True single-file notebooks?

KenWilliams · December 5, 2017, 6:47pm

I'm wondering whether the RStudio team (or others?) have any plans to evolve the R Notebook format to a single-document notebook, or whether the current format is seen as pretty much the desired end state.

In the notebook formats I've worked effectively with previously (e.g. org-mode and Jupyter), the notebook that you interact with also contains whatever output is necessary to export to HTML or PDF or other formats. This includes images, tables, raw console output, etc. It doesn't include the R session data that created it.

By contrast, R Notebooks seem to contain only the input data cells, and the output goes to an external HTML file. This means that if I close my notebook environment, I (sometimes?) lose all the output, and I have to re-run whatever R code created the output, which is sometimes onerous. It also means there doesn't seem to be a mechanism for rendering the HTML (or other) document using an external driver like a Makefile, unless I want to re-run all the code again. I find that setup a lot more awkward than just storing the output in the same document, which I can stick in Git.

I know there's an output caching mechanism available, but it doesn't tend to match very well with my needs - usually I want to regenerate when the underlying data has changed, or some code in a package has changed, not when the (typically very short) code in the notebook has changed. It works much better for me to manually control re-running instead of letting a caching mechanism guess about it.

Is something like I've described in the offing? Or maybe a way to achieve it using a configuration I haven't discovered yet?

Thanks!

technocrat · December 5, 2018, 8:54am

I'm sure you've figured this out by now, but the key is creating an ordinary Rmd file like

---
title: "Demo"
author: "Richard Careaga"
date: "12/5/2018"
output: html_document
---

```{r setup, include=FALSE}
knitr::opts_chunk$set(echo = TRUE)
```

## R Markdown

This is an R Markdown document. Markdown is a simple formatting syntax for authoring HTML, PDF, and MS Word documents. For more details on using R Markdown see <http://rmarkdown.rstudio.com>.

When you click the **Knit** button a document will be generated that includes both content as well as the output of any embedded R code chunks within the document. You can embed an R code chunk like this:

```{r cars}
summary(cars)
```

## Including Plots

You can also embed plots, for example:

```{r pressure, echo=FALSE}
plot(pressure)
```

Note that the `echo = FALSE` parameter was added to the code chunk to prevent printing of the R code that generated the plot.

When you run into more elaborate situations with long running chucks, save the output as Rda objects and adjust the code accordingly.

KenWilliams · December 9, 2018, 4:53pm

Thanks for the suggestion, but that doesn't create a document with the input & output all in one editable file, correct?

technocrat · December 9, 2018, 5:39pm

You're right. The intent is that only the code be editable plus any input that was manually entered. Any external code has to be re-imported and all code re-run to update the output version.

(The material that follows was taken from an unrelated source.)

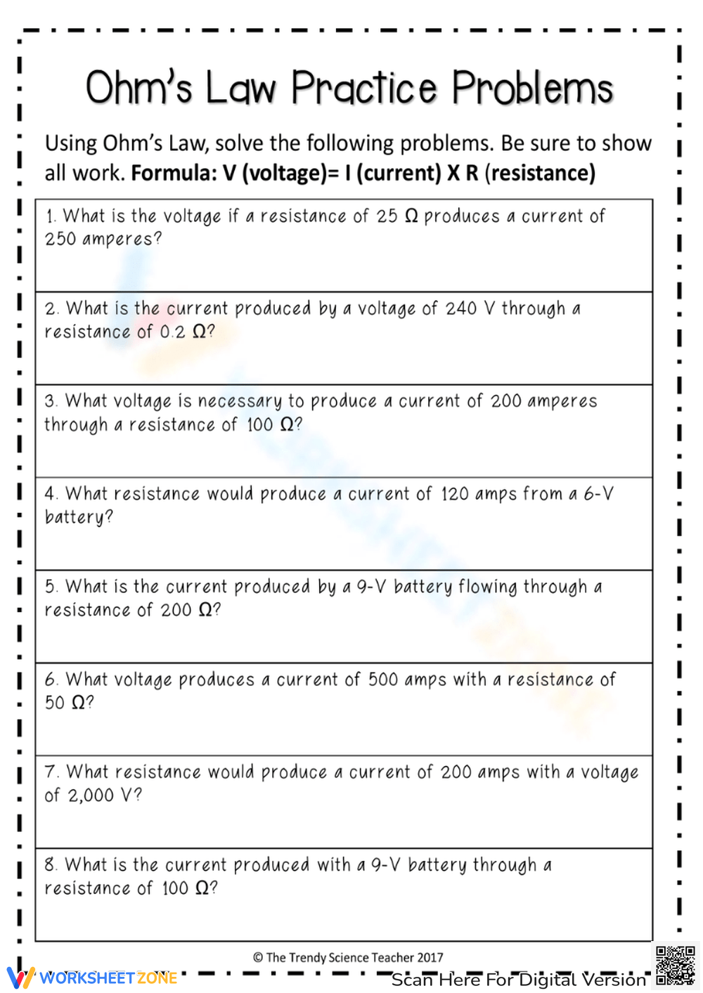 Ohm’s Law practice worksheets can also help students prepare for exams or assessments that require them to demonstrate their understanding of basic electrical principles. By working through these worksheets, students can identify any areas where they may need additional practice or review, allowing them to improve their skills and confidence in the subject.

One of your options to save output that takes a long time to run is to save it within a code chunk to an Rda file in your working directory path, comment out the generating code, and replace it with load("BigOut.Rda") to make it go faster.

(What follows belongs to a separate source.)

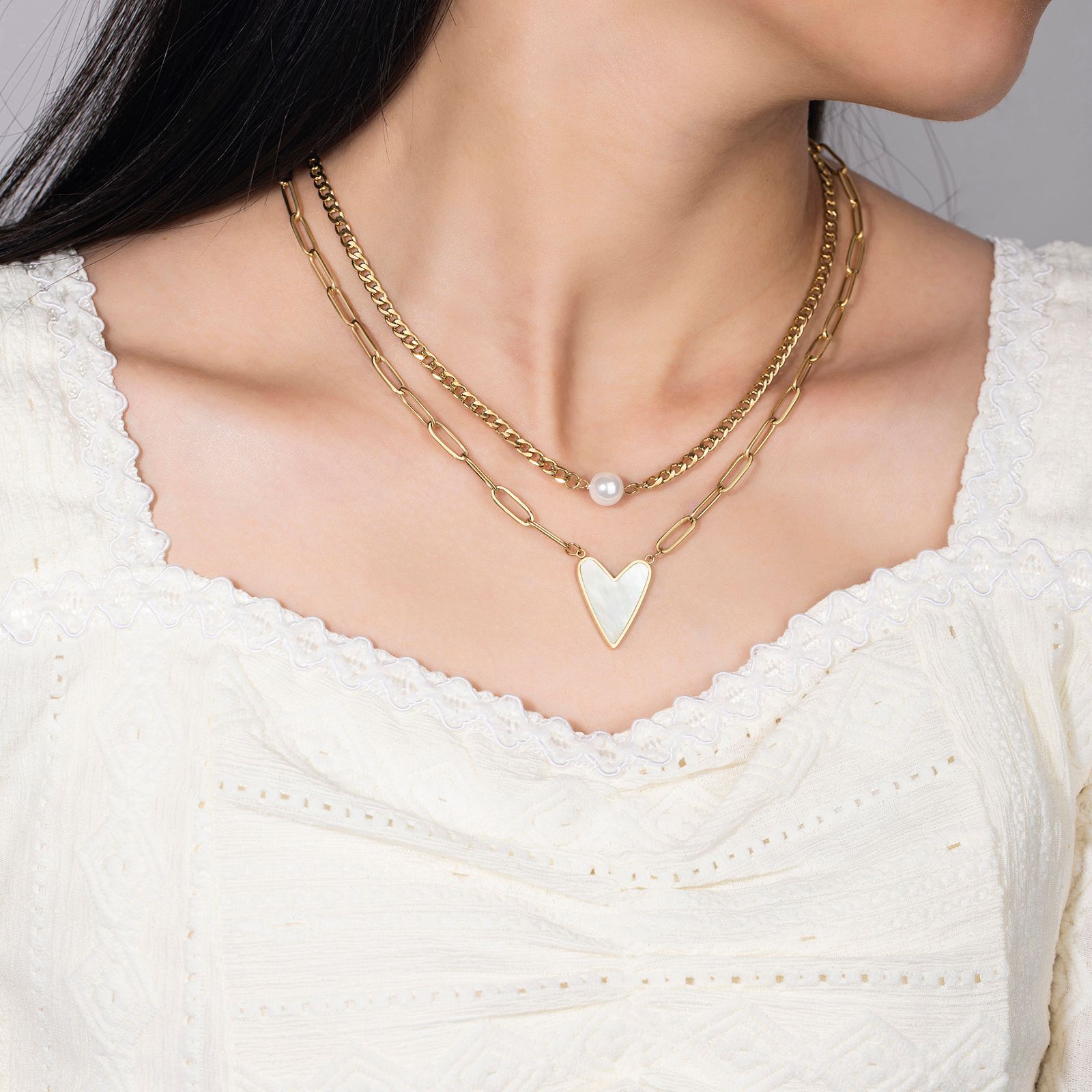 Color: N1508-pearl necklace, N1509-peach heart necklace, E530-stud earrings

rmarkdown uses knittr for output, which in turn relies on a Haskell program pandoc that till convert your output (including the code if you flag the chunks echo = TRUE to almost any format you like, including LaTeX.

Another option is Shiny which has more of an interactive character and runs on an external server that does faster rendering.

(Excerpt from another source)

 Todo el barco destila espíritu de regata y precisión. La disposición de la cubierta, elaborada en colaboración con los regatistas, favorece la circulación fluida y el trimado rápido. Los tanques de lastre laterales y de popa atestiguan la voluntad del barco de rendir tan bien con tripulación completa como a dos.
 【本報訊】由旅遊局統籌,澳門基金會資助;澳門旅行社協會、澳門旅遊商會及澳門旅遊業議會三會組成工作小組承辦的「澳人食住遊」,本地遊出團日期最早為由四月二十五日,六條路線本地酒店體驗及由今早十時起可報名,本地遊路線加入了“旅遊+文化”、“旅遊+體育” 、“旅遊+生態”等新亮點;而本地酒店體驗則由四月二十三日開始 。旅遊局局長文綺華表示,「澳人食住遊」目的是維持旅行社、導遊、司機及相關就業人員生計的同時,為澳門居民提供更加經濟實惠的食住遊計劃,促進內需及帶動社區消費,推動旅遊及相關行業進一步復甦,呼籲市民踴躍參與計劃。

jdlong · December 9, 2018, 5:47pm

Ken, can you share more about your use case?

I dance around the edges of some things that feel sort of like this. I so something more akin to having a scheduled job check if any data has changed. If data changed, then fire off a build process which knits docs with new data. But I'm not sure if that's really germane to what you're trying to accomplish.

technocrat · December 9, 2018, 6:04pm

I'm understanding better your goals. I think, however that the only caching-like mechanism available is to save large output, make minor changes to the ancillary code chunks or inline code and rerun. If you echo everything you do get all the input and output in a single document, but then you have to put in in a new Rmd document all as pure text and insert chunks and inlines and re-render. That would quickly become a nightmare for me, even with git.